We recently demonstrated that human circulating ILC2 in response to IL-25/IL-33 stimulation or Toll-like receptors (TLRs) triggering produce IL-13 and IL-5 and express CD154 on their surface; more importantly stimulated ILC2 co-cultured with autologous B cells induced the production of all Ig (immunoglobulin) classes including IgE [20]. These data suggest that ILC2 contribute to type 2 immune response and of course play a key role in the pathogenesis of allergic diseases [21]. Taking into account these considerations, the aim of this study is to define the mechanisms of immune deviation of ILC2, as a possible tool for the modulation of type 2 response. First, we focused on ILC2 plasticity, confirming the possibility to shift them towards the ILC1 phenotype and demonstrating their ability to acquire an ILC3 similar phenotype. In particular, we found that human circulating ILC2 in presence of IL-12 acquired the ability to produce IFN-γ and upregulated the expression of T-bet without losing the capacity to produce type 2 cytokines (IL-13, IL-4 and IL-5) and to express GATA-3. As concern the plasticity versus the ILC3 subset, we found that the combination of IL-1β plus IL-23 mediated IL-22 production and upregulation of RORC expression. Also in this case ILC2 maintained the ability to produce type 2 cytokines and to express GATA-3. More importantly, we demonstrated that these modulated ILC2 have reduced ability to induce IgE production by autologous B cells.

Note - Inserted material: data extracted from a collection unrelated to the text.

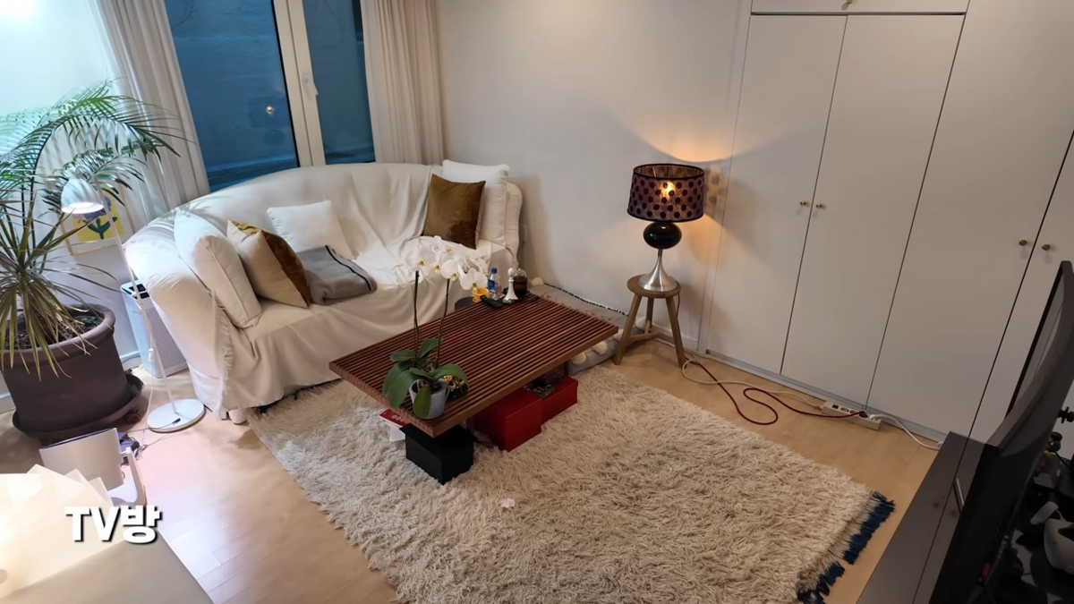 TV 방을 소개하던 정재형이 소개한 이전 집 주인에게서 받은 소파는 공간에 딱 맞는 아담한 사이즈와 편안한 디자인으로 공간에 아늑함을 더한다. 흰 천을 입힌 소파의 옆에 생기를 더하는 이색적 디자인의 조명은 정재형이 파리 빈티지 마켓에서 구매한 것이다.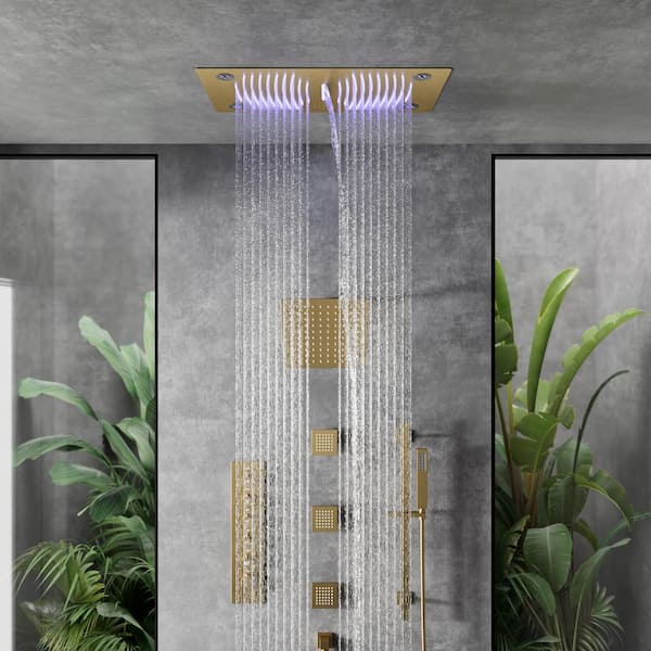 Large 63-Spray 28L in. and 8 in. Dual ShowerHead Ceiling Mount Fixed and Handheld Shower Head in Brush Gold 2.5GPM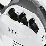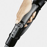 Velice praktické je zabudované dálkové ovládání na ergonomické rukojeti, s neklouzavou povrchovou úpravou softgrip, se kterým se nemusíte neustále ohýbat až k zařízení. Nastavíte si sací výkon a nebo využijte funkci Stand by, která zařídí krátkou pauzu při práci, například, když potřebujete něco přemístit v místnosti.

Immune modulation represents one possible mechanism to interfere with a specific type of immune response and induce the shift of a functional phenotype towards a different one, but of course it is not the only one mechanism. In fact, T effector cells can be inhibited in their functional properties (mainly proliferation and cytokines production) by T regulatory cells [22,23]. Based on these considerations we tested the susceptibility of ILC2 to Treg cells activity, demonstrating that ILC2 proliferation, IL-13 and IL-4 production and CD154 expression are inhibited by Treg cells CD4+CD25highFoxp3+ . Moreover, we demonstrated that CD154 expression induced by IL-25/IL-33 stimulation is inhibited by TGF-β.